Monday, Nov. 27, 1939

Information, Please

Humpty France and Dumpty Germany continued sitting on their walls last week. Neither had a great fall and neither required more horses or men. The French did some digging in and dragged up some heavy artillery back of Perl at their supposedly "weak" corner by the Luxembourg frontier, where the right flank of a German assault would be protected by neutral territory. They sent about 1,000 men charging up a hill southwest of Pirmasens beside the Hornbach salient, but the Germans counterattacked and the French, after using planes to strafe their assailants for the first time in this war, marched down again. The Germans did some fairly heavy shelling farther east in the Wissembourg sector, to which the French replied in kind. On the Rhine frontier, the French tried some heavy machine-gunning across the river at Kehl. The Germans replied but no one tried to cross the river.
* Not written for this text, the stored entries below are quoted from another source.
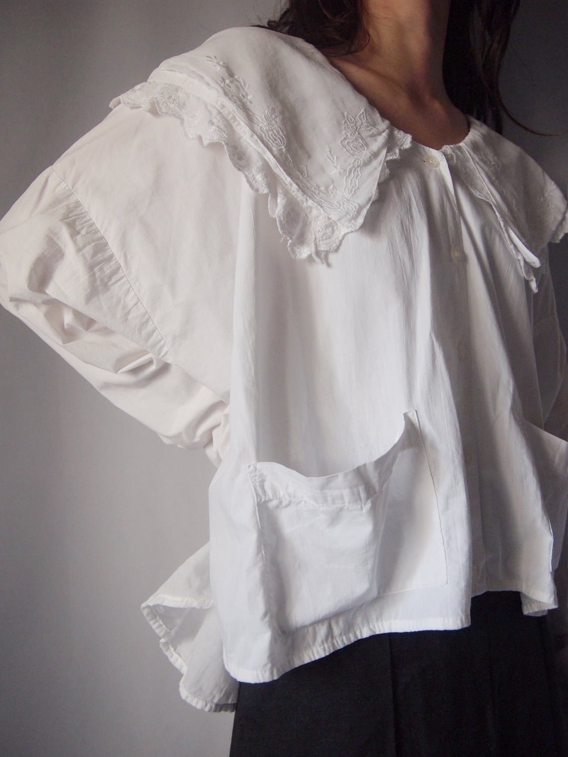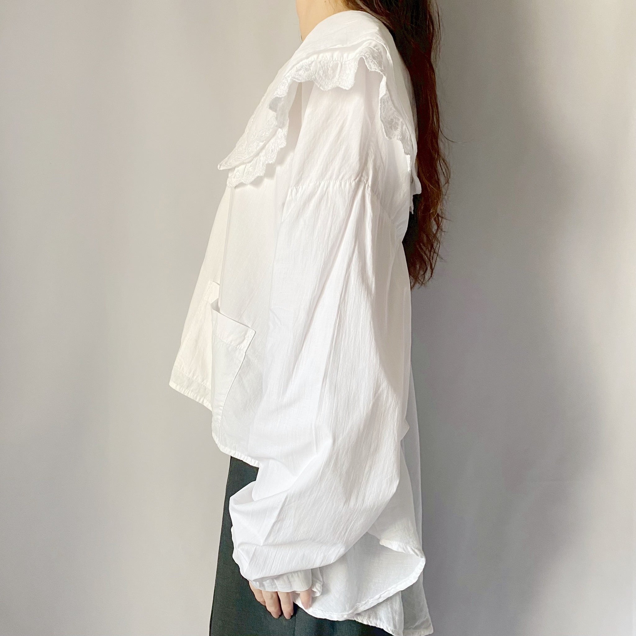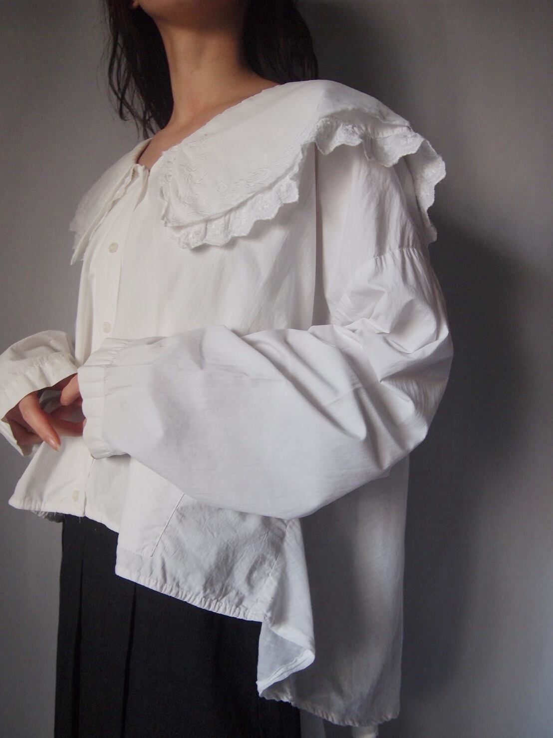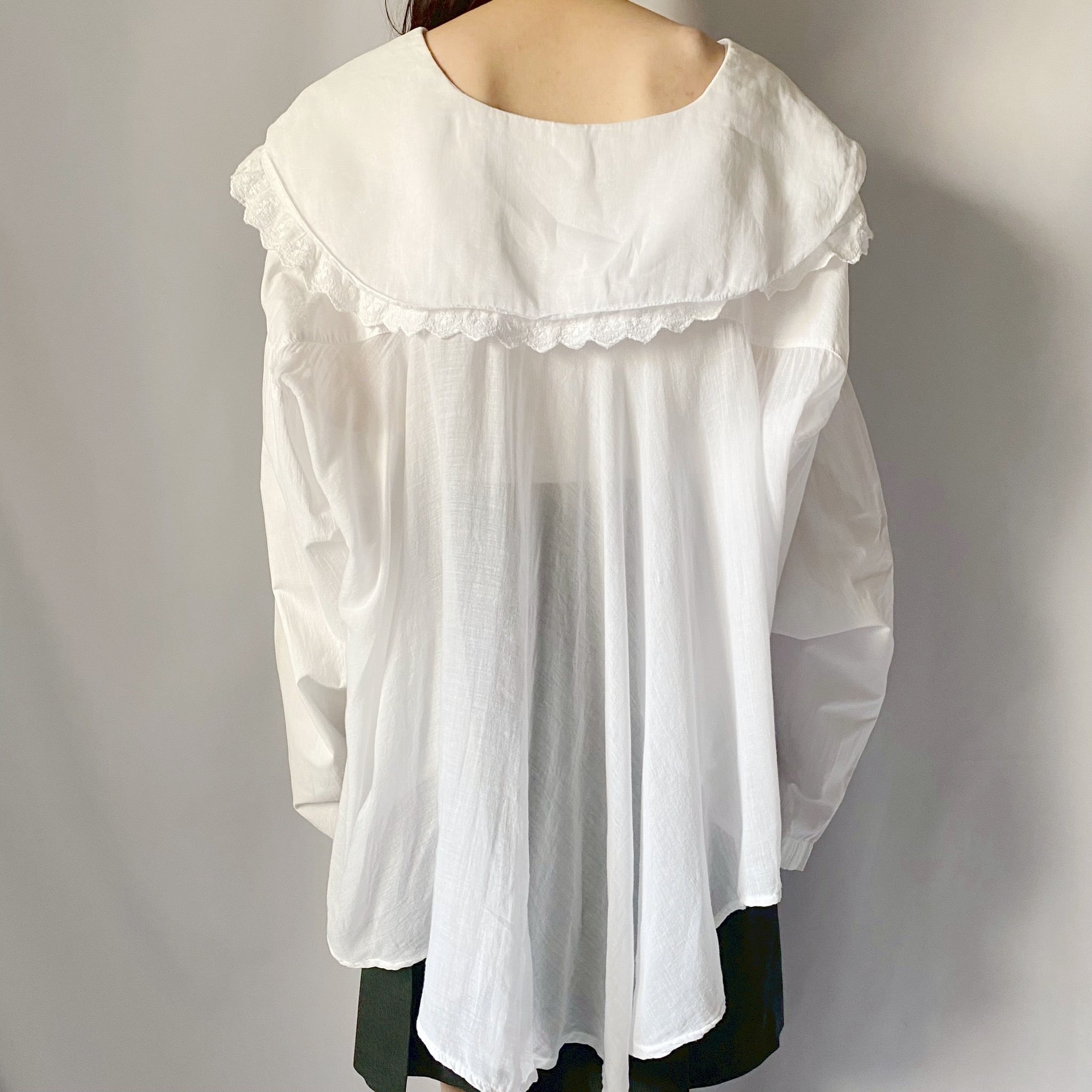 ホワイトドッキング刺繍ブラウス
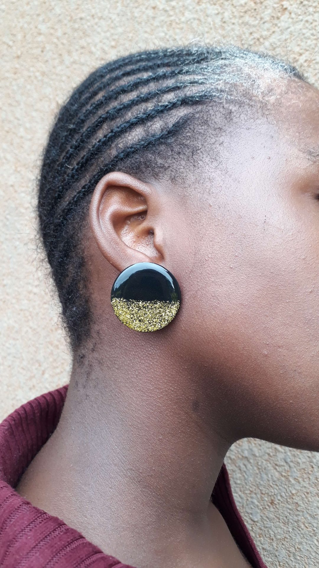 These black and gold hand painted ear studs are elegant and light weight. They boast a gold bottom sparkle that gives an elegant finish to the ear studs. Very stylish, perfect for a classic look!
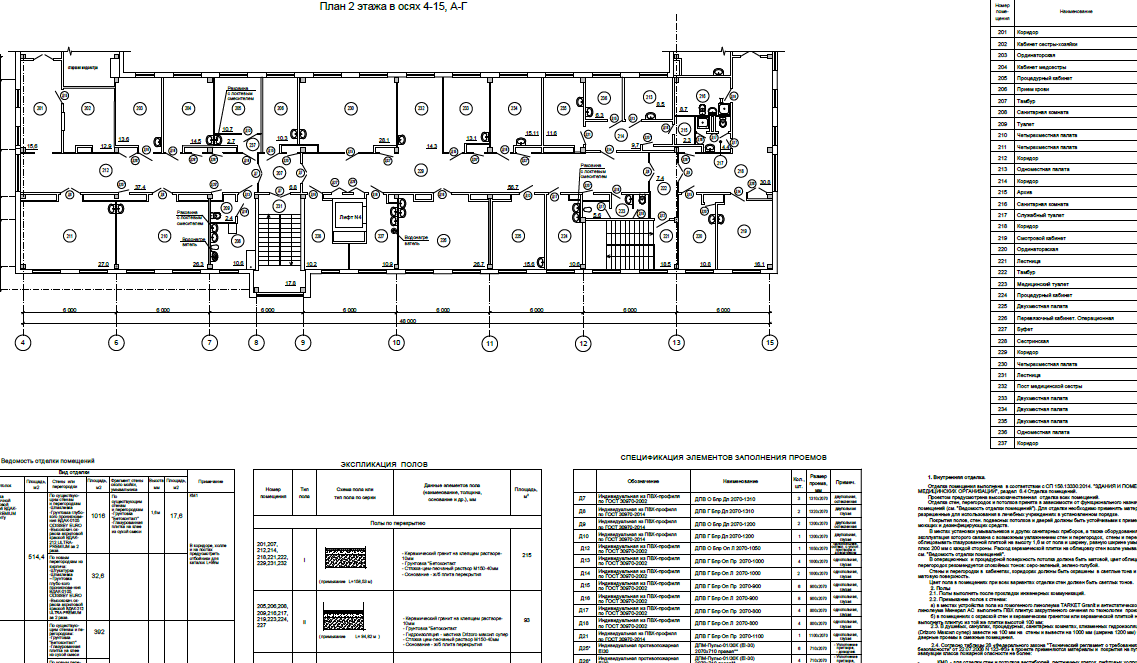 Типовой проект 252-1-45 Главный корпус участковой больницы на 150 коек с поликлиникой на 200 посещений в смену, для строительства в 1В климатическом подрайоне, 2 и 3 климатических районах.

Continued quiet in the ticklish Forbach salient, overlooking the ghost industrial city of Saarbruecken, led observers to guess that the German onslaught there last month, which for a time had the French defenders entirely cut off from support and supplies (TIME, Nov. 13), was a typical German "information" offensive, designed to find out what the French command will do in given circumstances rather than to take an objective now. Before the great Ludendorff push of 1918, the Germans conducted innumerable attacks of inquiry, compiled a thorough textbook on the behavior of various generals commanding various parts of the Allied line. They learned, for example, that General Gough's army was disposed strongly in its forward or battle zone, but weakly in the rear; that Lieut. General Butler's forces were organized with most of their strength to the left; that the British Buffs of the 18th Division were organized around a quarry. When the big push came, each of these positions received special treatment; Gough a tremendous bombardment just behind his battle line, cutting off his rear completely; Butler, an enveloping attack; the Buffs' quarry, a blasting from field guns brought right into the German front line. So may it go at Forbach, Hornbach, Wissembourg, et al., if & when Adolf Hitler decides to push--or his generals let him.